Amylyx also won plaudits from patient advocacy organizations, which continue to make the case for FDA regulatory flexibility on potential ALS treatments.

“We commend Amylyx for pulling Relyvrio off the market, while still ensuring that people living with ALS can access the drug if they believe it is helping them,” the ALS Association posted on X (formerly Twitter).

“ALS is a fatal and heterogenous disease with few treatment options, and creative solutions are needed. We believe the example of Relyvrio shows how the system can work. FDA approved Relyvrio based on solid safety data and positive efficacy data from a Phase II trial on function and survival. Safe and potentially effective treatments can be made accessible rapidly until further research can confirm their efficacy,” the group said.

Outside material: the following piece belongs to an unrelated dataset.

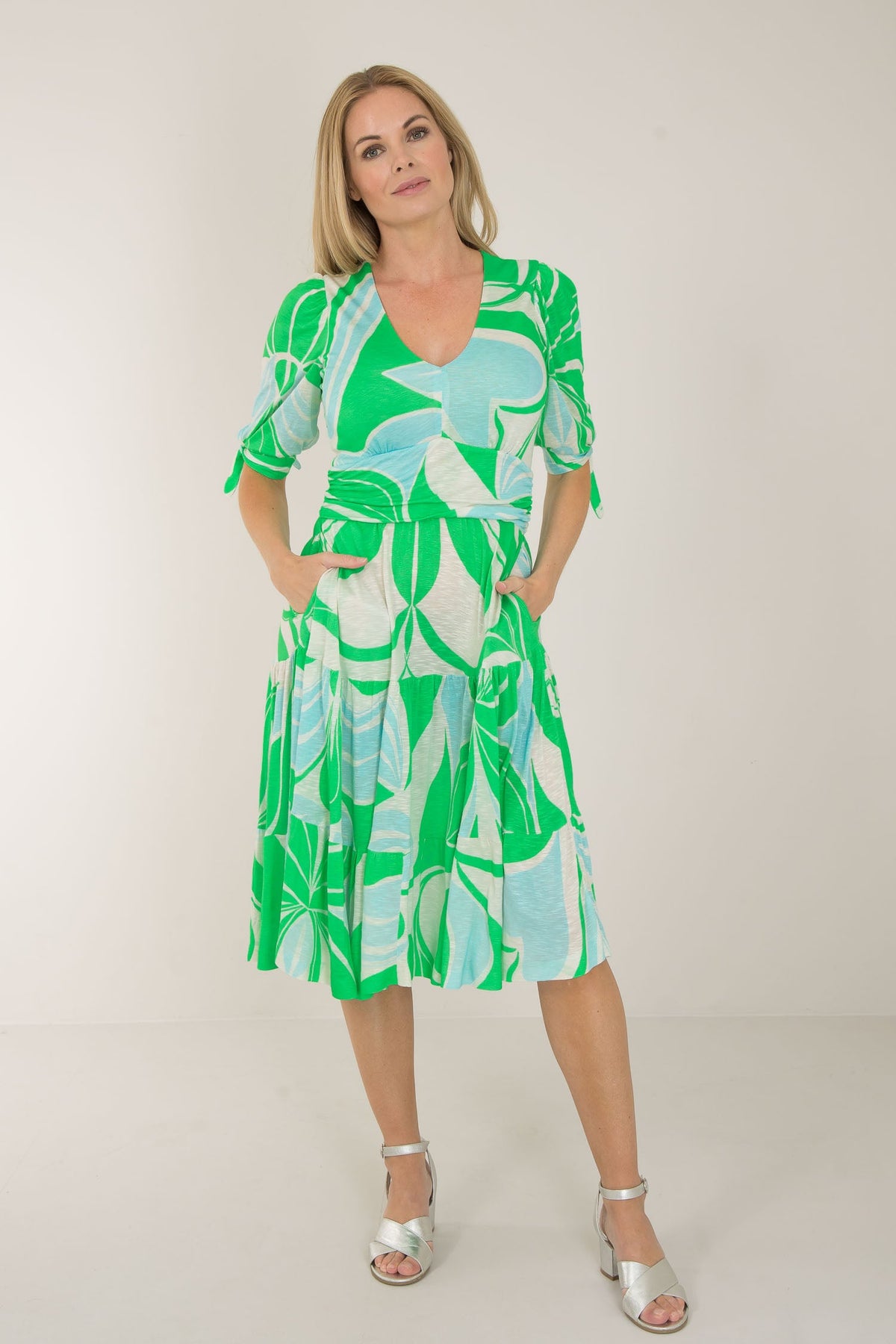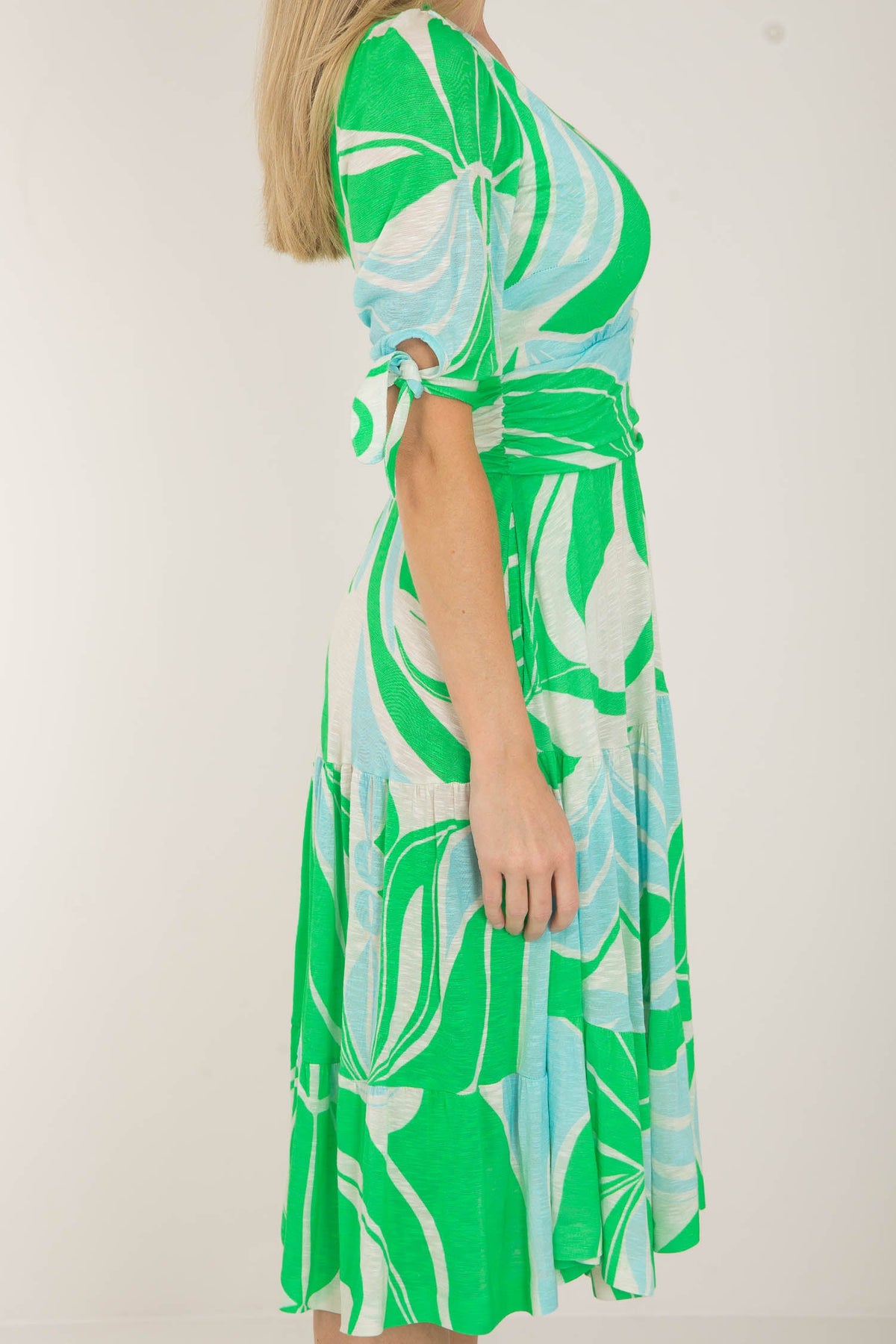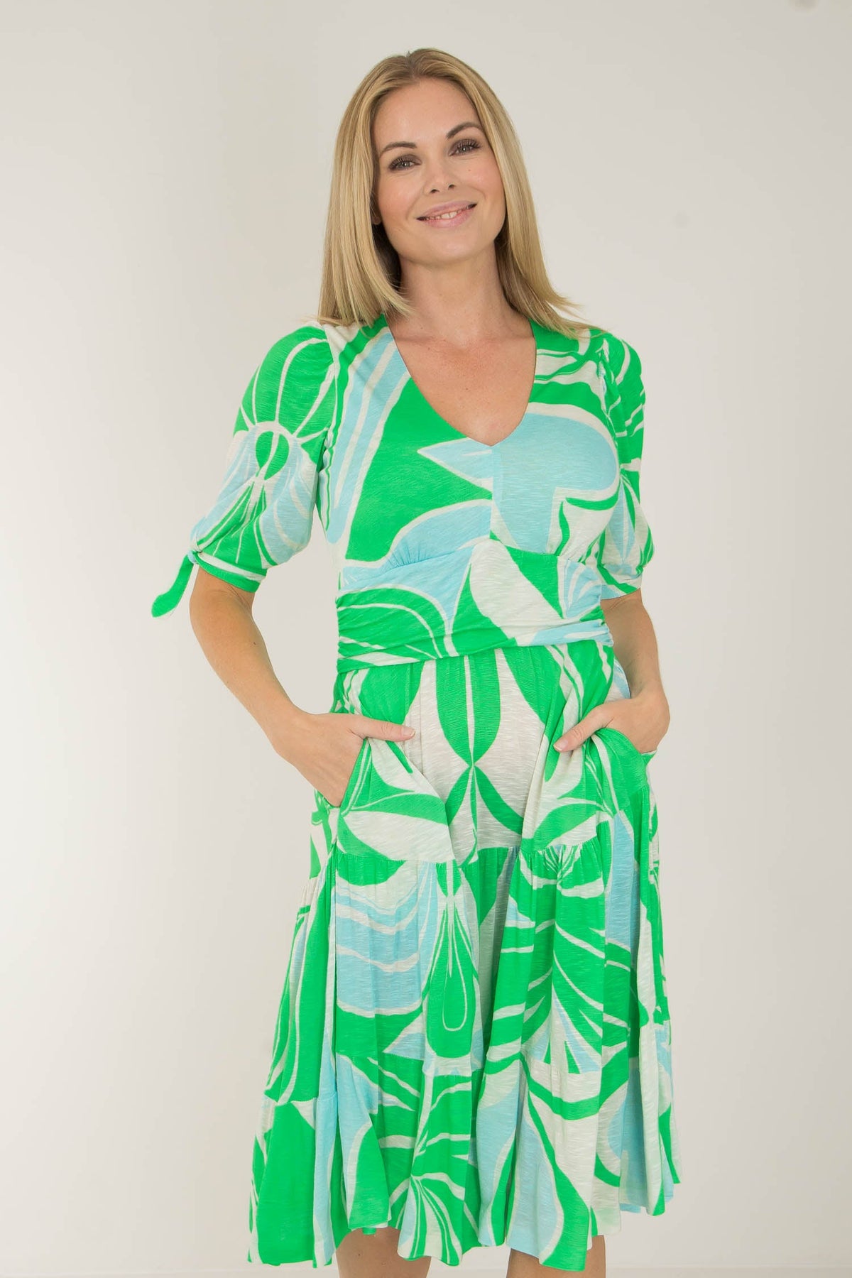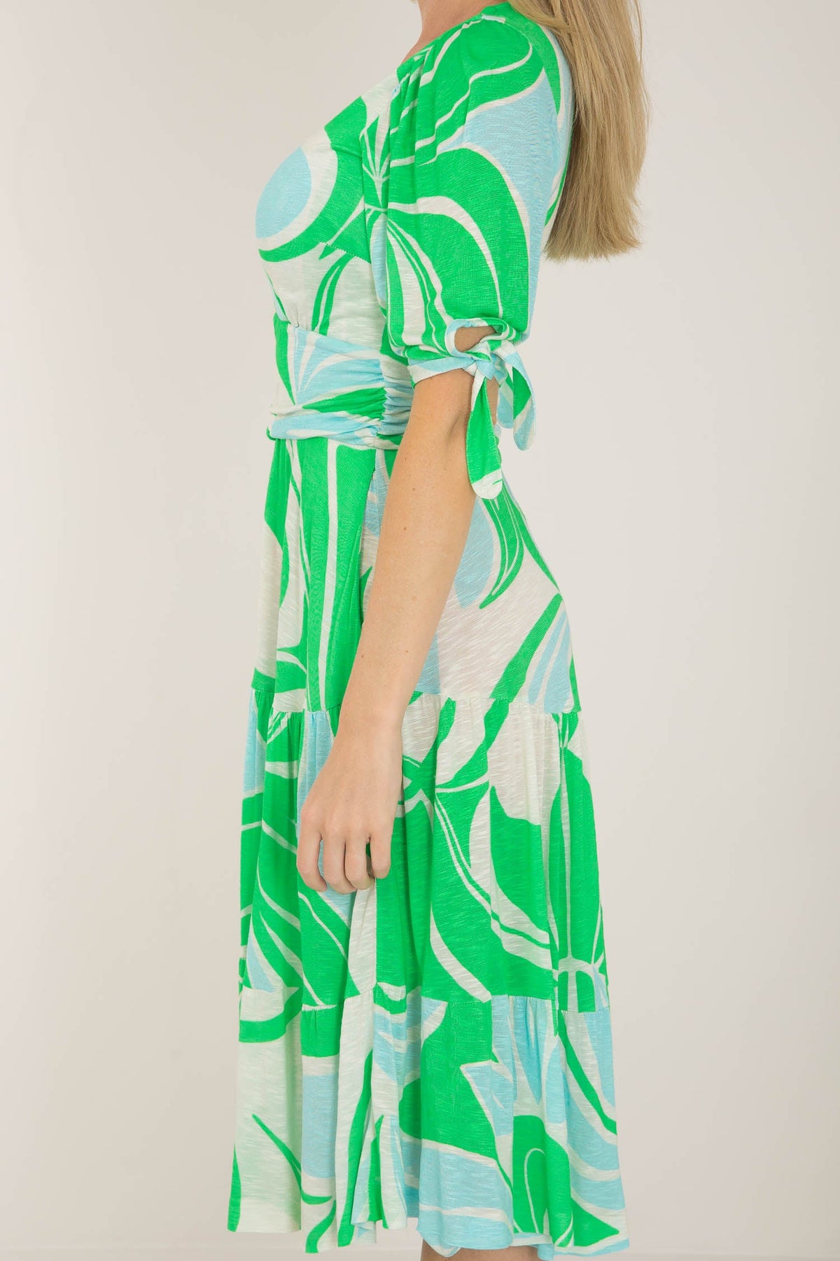 Flowy short jersey dress är en sommardröm med ett stort och maffigt mönster som verkligen sticker ut och ger klänningen det där lilla extra. Denna klänning är designad för dig som vill utstråla resort-chic elegans samtidigt som du vill känna dig bekväm i en mjuk trikå. Med en figursydd överdel, puffiga ärmar och draperat midjeband skapas en perfekt balans mellan enkelhet och sofistikation. För extra bekvämlighet har klänningen sköna fickor i sidan.

“We believe the example of Relyvrio shows how the system can work. FDA approved Relyvrio based on solid safety data and positive efficacy data from a Phase II trial on function and survival. Safe and potentially effective treatments can be made accessible rapidly until further research can confirm their efficacy.” – ALS Association

“There are more than 40 more potential treatments in the pipeline and we are focused on trying to advance the safe and effective ones as quickly as possible.”

In a series of posts on X, the advocacy group I AM ALS commended the company “for working with the community to make a very difficult decision.”

“I AM ALS also extends our gratitude to the FDA for their flexibility and recognition of the complexities surrounding ALS. We must ensure that companies have the regulatory flexibility to navigate the challenging landscape of ALS research and development.”

However, not everybody views the FDA’s use of regulatory flexibility for Relyvrio as prudent.

Caleb Alexander, professor of epidemiology and medicine at Johns Hopkins, voted against approval at both Relyvrio adcomms. At the second meeting, he noted that whether or not the agency can ultimately pull a product from the market is no substitute for the evidentiary thresholds required for approval.

When asked to comment following Amylyx’s withdrawal announcement, Alexander said: “This was an unusual case from the start, and it illustrates the value of the FDA’s usually strenuous process to ensure that approved products meet the standards established by law and regulation.”